Now,we need to find $80 \%$ of $x$ (which is $45$).
$80 \%$ of $45 = \frac{80}{100} \times 45$
$= 0.8 \times 45 = 36$.
Therefore,the correct answer is $36$.

(C) Let the number be $x$.
Given that $37 \frac{1}{2} \%$ of $x = 45$.
Converting the percentage to a fraction: $37 \frac{1}{2} \% = \frac{75}{2} \% = \frac{75}{200} = \frac{3}{8}$.
So,$\frac{3}{8} x = 45$.
Solving for $x$: $x = \frac{45 \times 8}{3} = 15 \times 8 = 120$.
Now,we need to find $87 \frac{1}{2} \%$ of $120$.
Converting the percentage to a fraction: $87 \frac{1}{2} \% = \frac{175}{2} \% = \frac{175}{200} = \frac{7}{8}$.
Therefore,$\frac{7}{8} \times 120 = 7 \times 15 = 105$.

(A) Let the missing value be $x$.
The equation is $x \times 15 = 37.5 \%$ of $220$.

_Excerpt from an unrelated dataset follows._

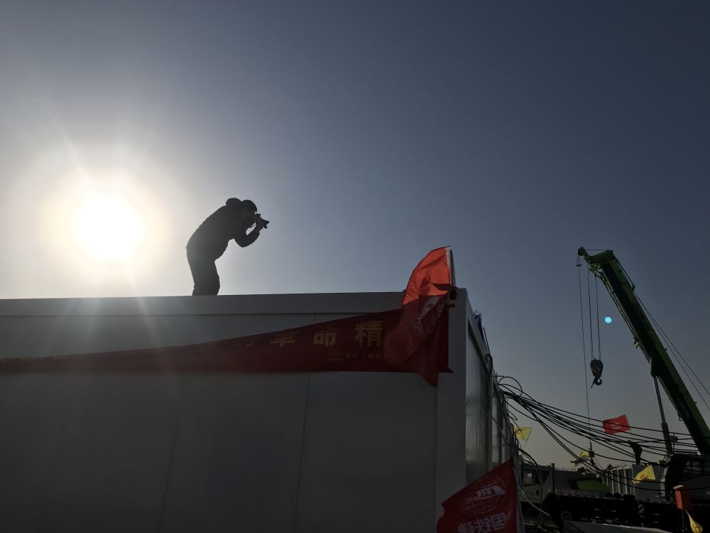 为了更加生动地展现建设者们彻夜奋战抢工期的画面,我和同事相互配合,用图片和视频互补的镜头语言来宣传他们不分昼夜奋战的场景。

Convert the percentage to a fraction: $37.5 \% = \frac{37.5}{100}$.
Substitute this into the equation: $15x = \frac{37.5}{100} \times 220$.

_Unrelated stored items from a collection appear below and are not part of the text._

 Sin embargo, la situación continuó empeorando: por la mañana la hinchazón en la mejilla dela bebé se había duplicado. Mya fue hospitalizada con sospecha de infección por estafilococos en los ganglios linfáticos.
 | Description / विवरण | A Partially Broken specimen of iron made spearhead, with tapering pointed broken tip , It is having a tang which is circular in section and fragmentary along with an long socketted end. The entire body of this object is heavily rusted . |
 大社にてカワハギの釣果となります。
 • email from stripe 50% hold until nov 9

Simplify the right side: $15x = 0.375 \times 220 = 82.5$.
Solve for $x$: $x = \frac{82.5}{15} = 5.5$.
Thus,the correct option is $A$.

(B) Let $x \%$ of $4 \text{ km} = 8 \text{ meters}$.
Since $1 \text{ km} = 1000 \text{ meters}$,$4 \text{ km} = 4000 \text{ meters}$.
According to the problem: $\frac{x}{100} \times 4000 = 8$.
Solving for $x$: $x = \frac{8 \times 100}{4000}$.
$x = \frac{800}{4000} = \frac{8}{40} = \frac{1}{5} = 0.2$.
Therefore,$0.2 \%$ of $4 \text{ km}$ is $8 \text{ meters}$.